Most notably, I’ve learned to trust myself in the life-changing realm. I had multiple abusers who told me I was stupid and lazy; I dropped out of school and made some doozy-type mistakes on the path of life. Yet, thanks to the work of integrity-seeking, I’ve begun to trust that my instincts, wants, desires, and needs are valid. Not only are they valid, but I’m in perfect harmony. Mistakes still happen, but not because I cover up or hide from the truth. Mistakes happen because I can’t control everything.
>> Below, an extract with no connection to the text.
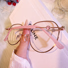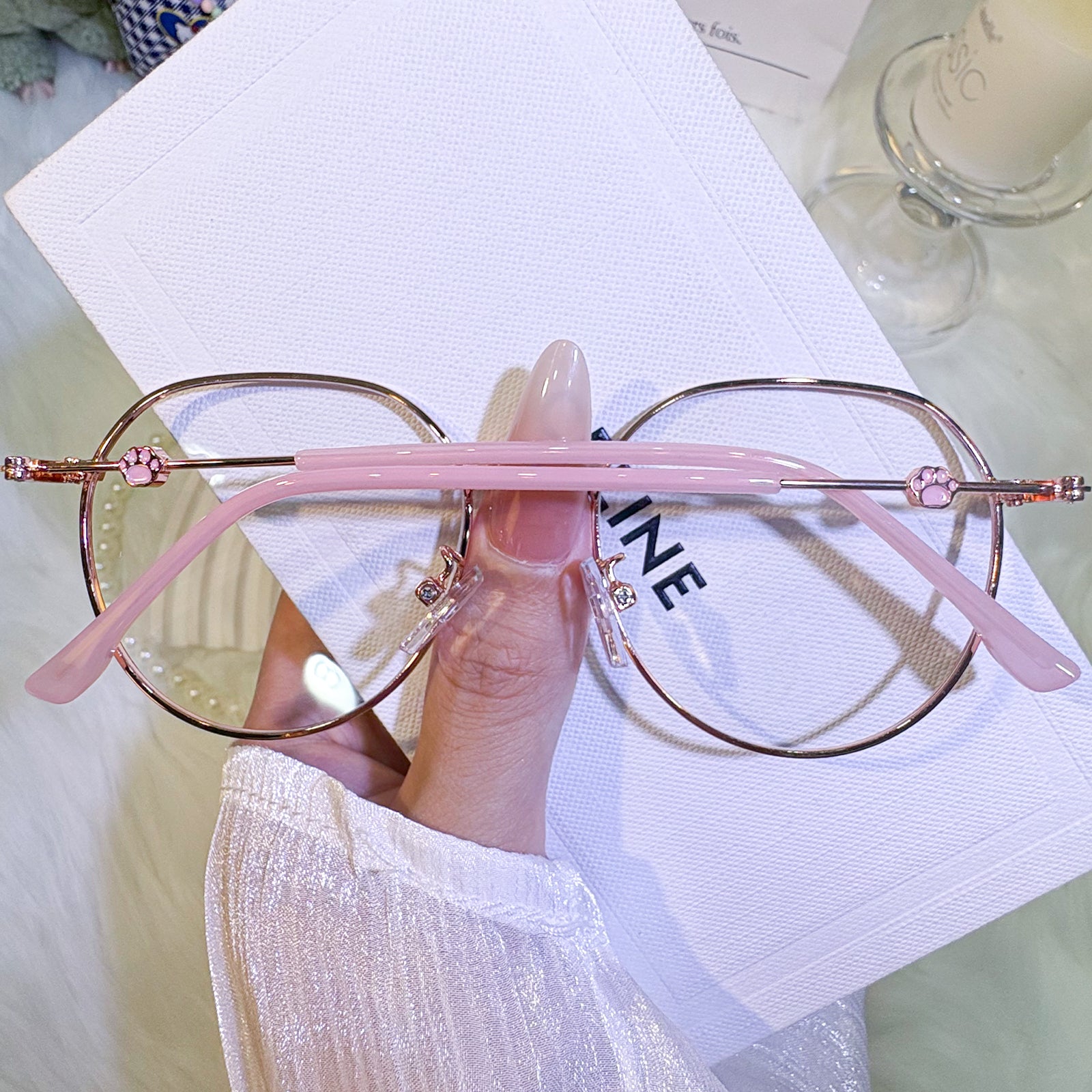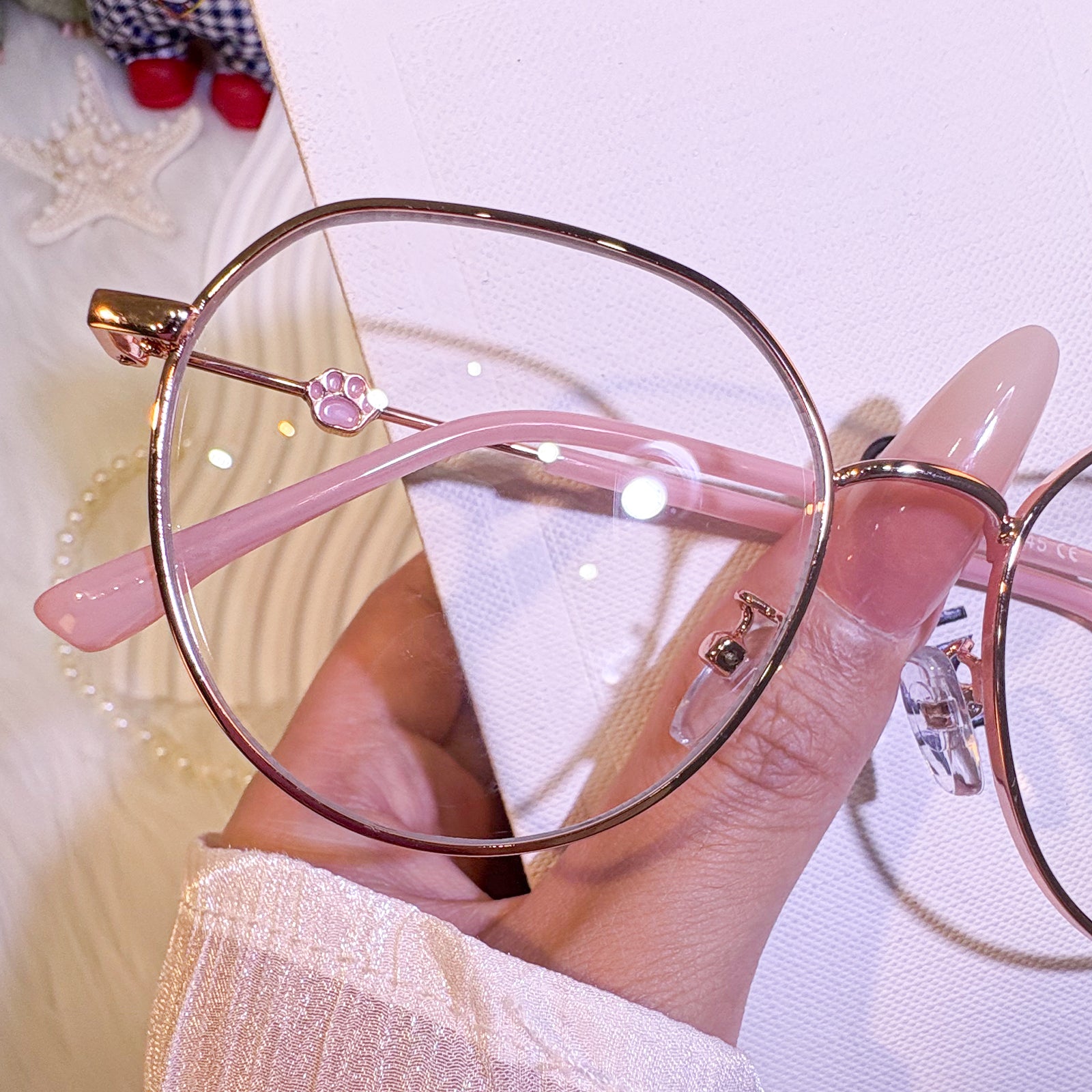 These geometric metal-frame glasses are a dreamy pick for anyone who loves cute, girly details. The temples feature an irresistibly adorable cat paw design — playful, soft, and full of personality. With their lightweight feel and flattering shape, they’re perfect for daily wear, whether you're out for coffee or styling your everyday look. Sweet yet stylish, these frames add a subtle touch of charm to any outfit.
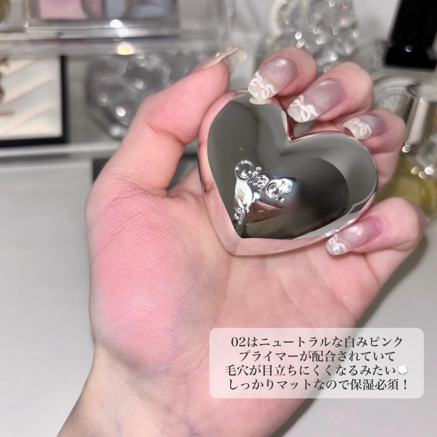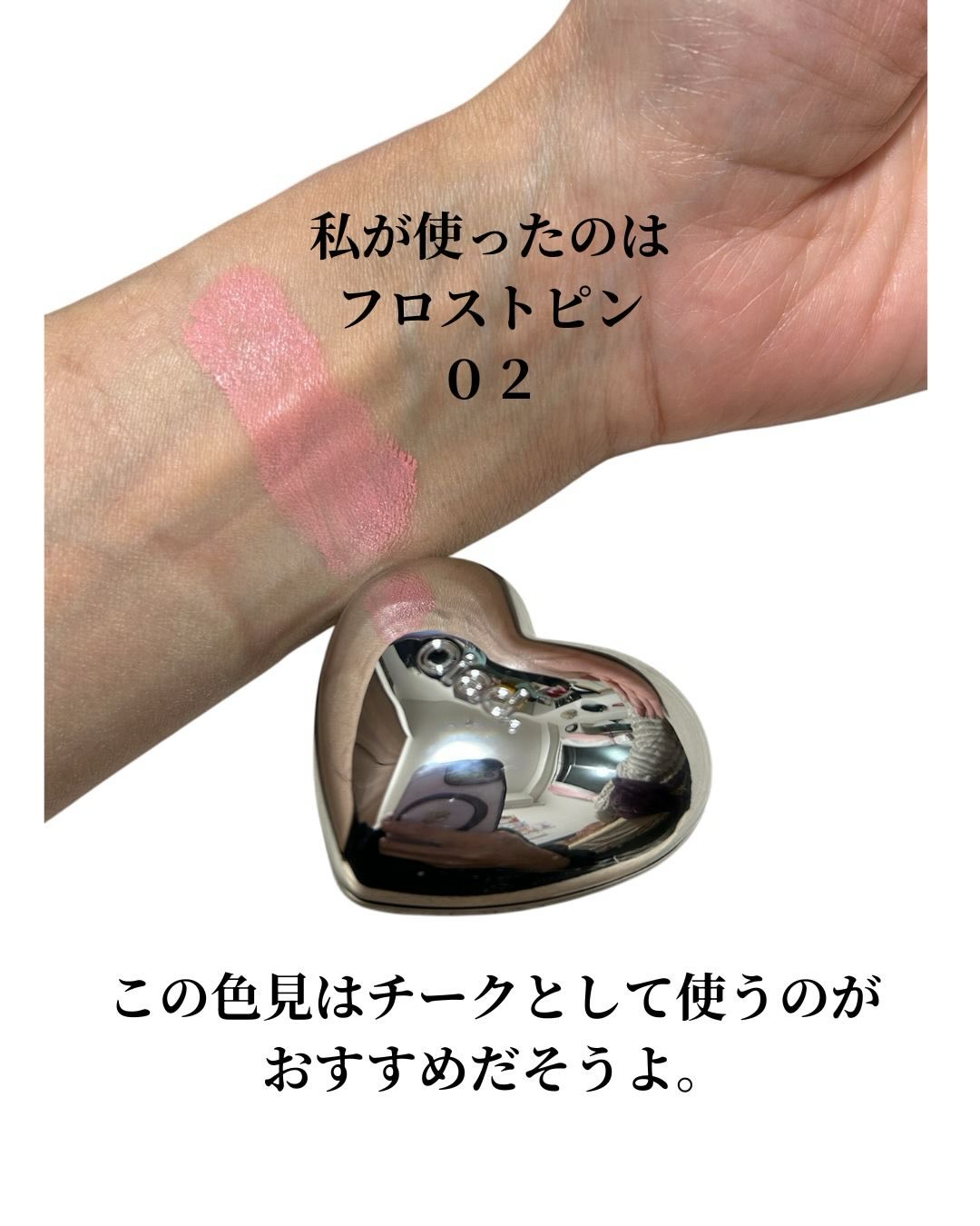 oiadSilverPurseMousseCreamLip&Cheek02FrostPinかわいいハートのパッケージのリップ&チーク!🤍角度のついたチップで塗りやすく色味もかわいい🥺♡*使用感などのコメントはすべて個人の感想です。...

Loving myself and trusting myself is the most precious gift I can give myself in this life.
Living in integrity hasn’t made my life easier, but it’s made it more prosperous and fulfilling. My health improved, my relationships became more genuine, and I felt a sense of peace that I hadn’t known was possible. The journey wasn’t without its bumps but worth every uncomfortable moment. I learned that the cost of integrity is small compared to the price of living a lie. By telling the truth, I could align my words with my reality, and in doing so, I found a healthier life filled with meaning and true, profound moments of joy.
Works Cited
Van der Kolk, Bessel. The Body Keeps the Score: Brain, Mind, and Body in the Healing of Trauma. Penguin Books, 2015.